Autodesk’s Strong Financial Results:

  • Delivered FY 2025 revenue of $6.1 billion – up 16% annually since FY 2019 and 12% year-over-year
  • Reported FY 2025 non-GAAP operating margins that have increased >2,400 bps since FY 2019, and we expect an additional 200 – 300 bps of underlying margin expansion in FY 20261, with more to come over time
  • Generated strong free cash flow momentum from $1.3 billion in FY 2024 to $1.6 billion in FY 2025 (22% growth) to increasing our FY 2026 free cash flow target to $2.075 billion$2.175 billion2
  • Significantly increased our share repurchase authorization and commitment, and we anticipate buying back $1.1 billion$1.2 billion of stock in FY 2026, a 30 – 40% increase over FY 2025
  • Completed the launch of our new go-to-market approach in FY 2025 and are now in the optimization phase of the plan, from which we expect to drive continued growth and margin expansion

"We remain highly committed to ongoing, constructive dialogue with our shareholders, having engaged with investors representing more than 50% of our outstanding shares. Despite persistent and concerning tactics by Starboard during its self-serving campaign—including repeated misrepresentations and selling down nearly half of its position mid-campaign—we have continued to approach engagement in good faith."
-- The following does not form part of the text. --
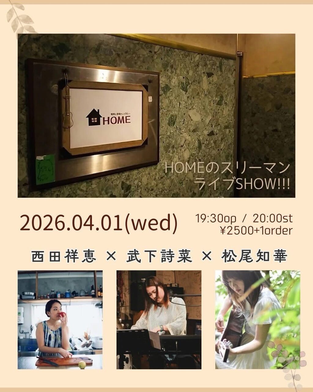 | イベント名 | 西田祥恵×武下詩菜×松尾知華~HOMEのスリーマンライブSHOW!!! |
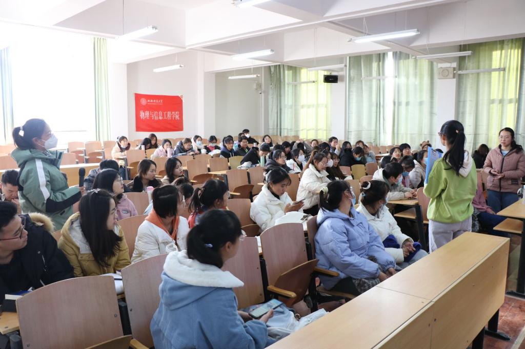 活动中,赵昱倩就提高成绩和保研面试两方面给大家做了介绍,她指出优秀的成绩是重中之重,要想提高成绩,一定要在平时下功夫,上课认真听讲、做好笔记,课下要自律学习,她还表示,在保研面试过程中心态很重要,要自信、落落大方,不怯场,才能展示出个人的真正水平。田宇鑫从保研要求、推算排名计算方法、保研公众号、学校查询、夏令营申请和院校选择等方面为同学们讲解了相关知识技巧,她特别强调了英语四六级证书的重要性,鼓励同学们认真备考,全力以赴对待四六级考试,并呼吁同学们积极参加挑战杯、物理学术竞赛等比赛,丰富自身经历的同时提高个人的专业素养。

Starboard’s Self-Serving Campaign:

  • Attempted to launch a proxy fight last year, including suing Autodesk in Delaware Court to reopen the nomination deadline it had missed—even though Starboard did not own a position in Autodesk when our nomination window was open3. Starboard’s claims were rejected by the Court as frivolous4
  • Declined multiple invitations over many months to constructively engage, including to participate in our Board refreshment process
  • Accepted an invitation from Autodesk to present its ideas to the full Board, and days later, published a presentation with numerous false claims and misrepresentations
  • Demonstrated its interests are opportunistic and not necessarily aligned with long-term shareholders, having been in and out of Autodesk stock over the last year, including selling 44% of its position as of the end of the fourth quarter of 2024
  • Submitted a dissident slate a mere three hours before the nomination window closed rather than constructively engaging with our Board after we had been in contact with Starboard for over nine months

"Although we have concerns regarding Starboard’s nomination approach and its selection of candidates, consisting of a Starboard principal and affiliates and friends who are closely aligned with its opportunistic interests, we remain open to meeting its nominees. The Board will review Starboard’s nominees and make a recommendation in due course. Our unwavering focus remains on acting in the best interests of Autodesk and all our shareholders."